Monday 23 December 2019

Electromagnetic forces between busbars

In some engineering applications, be it electrical energy transmission, distribution or even in the simple case of use of electrical energy, copper busbars are used in place of cables.



Typically, copper busbars are used when high currents at (relatively) low frequency need to be delivered to some load. Their use is favoured maily by the possibility of having a large conductor section and/or lower stray capacitance compared to an insulated cable. Typically insulation is ensured by air in these cases. The use in the 50/60 Hz AC range is acceptable due to skin depth being about 9 mm @60 Hz.

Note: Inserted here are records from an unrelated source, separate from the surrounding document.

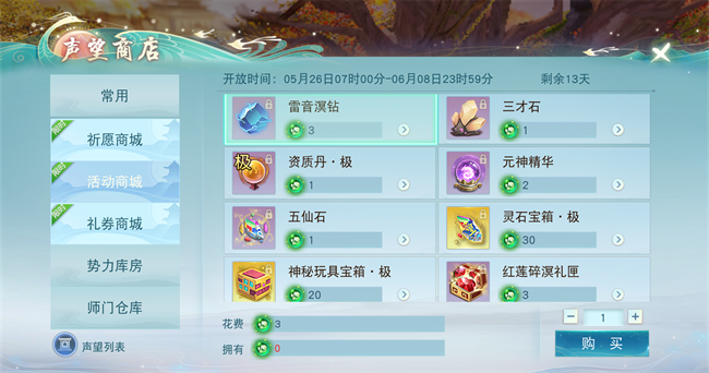 集齐三种材料提交给婉灵可获得清心散,前往声望商城可兑换雷音溟钻、三才石、资质丹·极、元神精华、五仙石等珍贵好礼,少侠们千万不要错过哦!
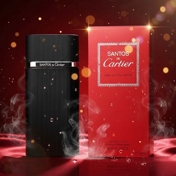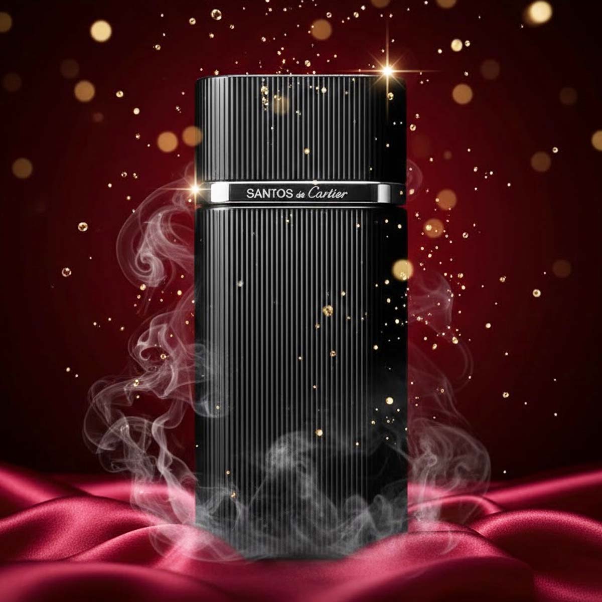 زجاجة سوداء مضلعة أنيقة مع شريط فضي يحمل شعار Santos de Cartier، وتغليف أحمر ملكي يعكس هوية Cartier الفاخرة.
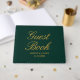 Elegant emerald green and gold wedding guest book. Personalise it with the newlywed couple's names and event date on the front and spine.
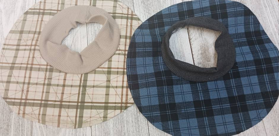 This listing is for 2 cat show bibs. One quilted cotton and one cotton interfaced Everyday with ribbed stretch turtleneck. Size large.
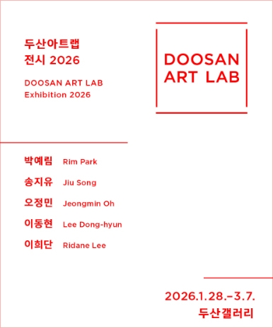 ‘두산아트랩’은 두산아트센터가 시각 예술과 공연 예술 부문의 신진 예술가를 발굴하고 지원하기 위해 2010년부터 진행해 온 프로그램으로, 시각 분야에서는 35세 이하의 작가 다섯 명을 공모로 선정해 단체전의 형태로 소개해오고 있다. 이번 《두산아트랩 전시 2026》에는 지난해 공모를 통해 선정한 박예림, 송지유, 오정민, 이동현, 이희단이 참여한다.
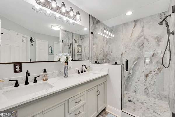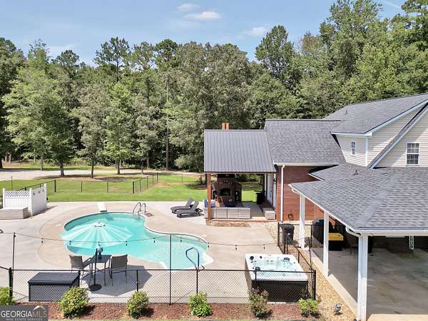 159 County Line Road, Jenkinsburg, GA - Your Private Oasis on 3 Acres! Looking for your own private retreat with room to live, work, and play? This spacious, well-maintained brick home in Jenkinsburg checks all the boxes! Nestled on 3 peaceful acres, it offers a perfect blend of modern updates, flexible living space, and outdoor amenities for every lifestyle. Inside, you'll find a host of recent upgrades, including fresh paint throughout the home, a completely renovated master bathroom featuring a luxurious walk-in shower and new LVP flooring-a true spa-like escape. The remodeled kitchen is equally impressive with new appliances including a gas cooktop, quartzite countertops, a stylish new backsplash, undercabinet lighting, and modern light fixtures that elevate the entire space. The main level features a bright and airy living room, a fully equipped kitchen with a walk-in pantry, a laundry room, a half bath, and a relaxing primary suite with completely remodeled ensuite, and a spacious walk-in closet. Upstairs, you'll find two generously sized bedrooms, each with its own walk-in closet, and a full bath. The fully finished basement offers endless possibilities-complete with a second kitchen, living area, full bathroom, and space that can serve as two additional bedrooms. With a private entrance and parking pad, it's ideal for guests, extended family, or even rental potential. There's also a concrete 8x15 safe room for added peace of mind. Outdoor living is just as spectacular. Enjoy evenings by the outdoor fireplace, soak in the new hot tub beside the sparkling in-ground pool in a fenced yard, or get to work in the 31x36 detached workshop with its own 18x36 lean-to. The lean to has a 50amp RV plug and water, so bring the RV. The property is serviced by both county water and a private well, giving you flexibility and reliability. Whether you're seeking multigenerational living, income potential, or simply a peaceful place to call home, 159 County Line Road offers it all. Don't miss your chance to own this one-of-a-kind property-schedule your private showing today!

During the design phase of an electrical system using cables and/or busbars carrying high currents, it may be of interest, for mechanical reasons, to calculate the maximum force acting between two busbars placed near each other. Indeed, when two conductors carry current, due to Lorentz's force, they experience a force acting on them. If we consider two raw copper cables parallel to each other on a given plane and carrying a constant current I, the force acting on them is equal to:

$$F' = \frac{\mu_0}{4 \pi}\frac{I^2}{d}$$

Where
  • $F'$ is the force per unit length [N/m]
  • $\mu_0$ is the magnetic permeability of vacuum [H/m]
  • $I$ is the current flowing in each conductor [A]
  • $d$ is the distance between the conductors [m]
The force will be repulsive or attractive depending on whether the current direction is opposite or the same, respectively.

In the general case, the conductor will not necessarily have a circular section, such as in the case of busbars. As a consequence, a corrective coefficient $k$ can be used to take into account the different geometry and obtaining the following formula

$$F' = k \frac{\mu_0}{4 \pi}\frac{I^2}{d}$$

This corrective coefficient depends on the geometry of the conductors and in the case of rectangular section copper bars can be obtained from Dwight's chart



This chart (or similar ones) are usually found in application notes given by manufacturers.

The combined use of the formula and the chart allows to calculate the maximum electrodynamic stress that could occur in the system. However, if a better picture of the system is needed, finite element simulation can be used to get an even better picture. In the following, both paths are illustrated.

Consider, for instance, the case presented in the picture below



In this case we have
  • A peak current of 800 A in each copper busbar
  • Width (a) of 6 mm
  • Height (b) of 60 mm
  • Depth (L) into the page of 1000 mm
  • A distance between the centers of the copper busbars of 12 mm
Therefore, following Dwight's chart
  •  b/a = 10
  • d/a = 2
Which leads to k=0.43 and a force of $0.43*2*10^{-7}*\frac{800^2}{0.012}=4.59\frac{N}{m}$.

If a finite element simulation is performed using FEMM, a very close result of 4.63 N/m is obtained.
The result can be obtained by simulating the steady state magnetic field when 800 A circulate on each busbar and then integrating J and B over the busbar surface (note that FEMM gives you a result in N, but by setting a depth of 1000 mm it is possible to obtain the force per unit meter, alternatively you can simply divide by the depth of the busbars).



It may also be of interest to check out the H field from one busbar center to the other (the B field is the same since copper and air have a similar behaviour when it comes to magnetic permeability and B is simply proportional to H through $\mu_0$).




This example was reproduced from [1].

If you are curious and want to learn more on the topic, I suggest you these two readings

[1] M. C. Petrescu, L. Petrescu, Electrodynamic forces between two DC busbars distribution systems conductors, 2016, U.P.B. Sci. Bull., Series C, Vol. 78, Issue 2.

[2] J.P. Thierry, C. Kilindjian, Electrodynamic forces on busbars in LV systems, 1996, E/CT, Cahier Technique Merlin Gerin n° 162/p2.